La primera vez que fui a toros tendría 14 años y el primer impacto que recibí no fue ético sino estético:
después de esperar en una butaca diminuta por horas, sonó una fanfarria de cobres destemplados y
salió un señor medio marica que caminaba como si tuviera hemorroides. Iba vestido con medias
rosadas, estaba embutido en una especie de panty forrado al que no le cabía un adorno más, y lo seguía
una estela de personajes similares, pero más grotescos, que le daban al espectáculo un aire de desfile
de orgullo gay.
Me habría parecido un evento divertido de no ser porque a la salida del primer toro vi cómo toda esa
cofradía luminosa de transvestidos alegres se convertían en una manga de sádicos dispuestos a
ofrecerme el espectáculo más violento al que hasta entonces había asistido.

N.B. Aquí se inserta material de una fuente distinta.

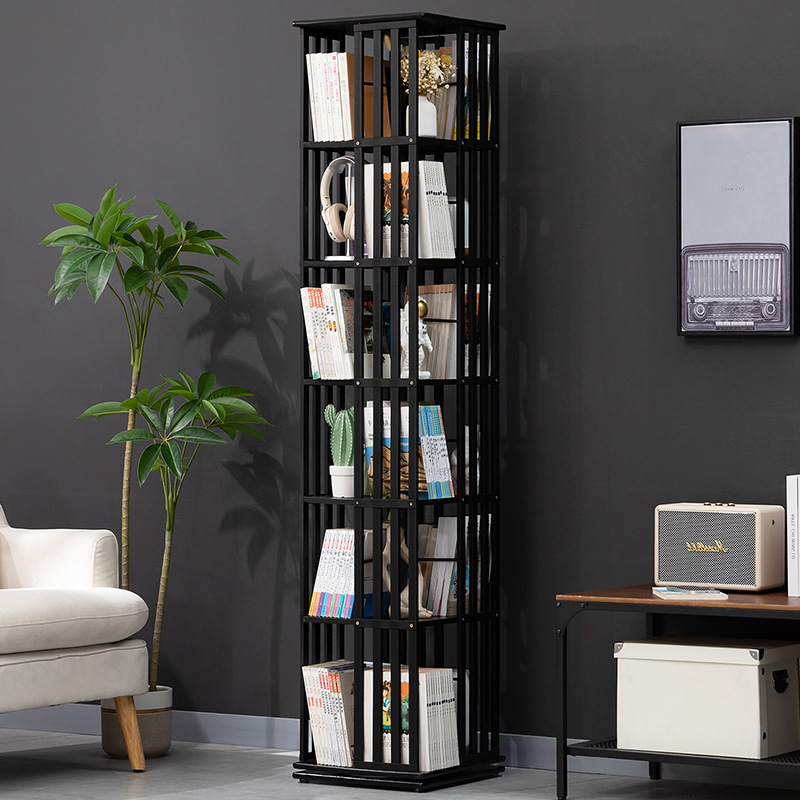回転本棚の本棚が床に落ちて壁に寄りかかって棚を置く子供のシンプルな収納棚のおもちゃ棚の展示棚が簡単で多層です。

Me acuerdo que lo que más me impactó no fue tanto la crueldad de la corrida como su
celebración: la satisfacción que los cinco mil espectadores sentían cada vez que pasaba algo que para mí
era terrible: cada vez que mareaban al toro, cada vez que le clavaban una lanza desde un caballo, cada vez
que le metían una espada por la espalda.
Desde entonces me producen náuseas las corridas, y los argumentos que dan quienes las
defienden: que es arte. Que es que es un ritual en el que exorcizamos a la muerte: ¿y por qué no van y
exorcizan a la muerte con sus tías, por ejemplo? ¿Por qué no van y las zarandean y les clavan cuchillos
delante de una gradería que las aturda a gritos?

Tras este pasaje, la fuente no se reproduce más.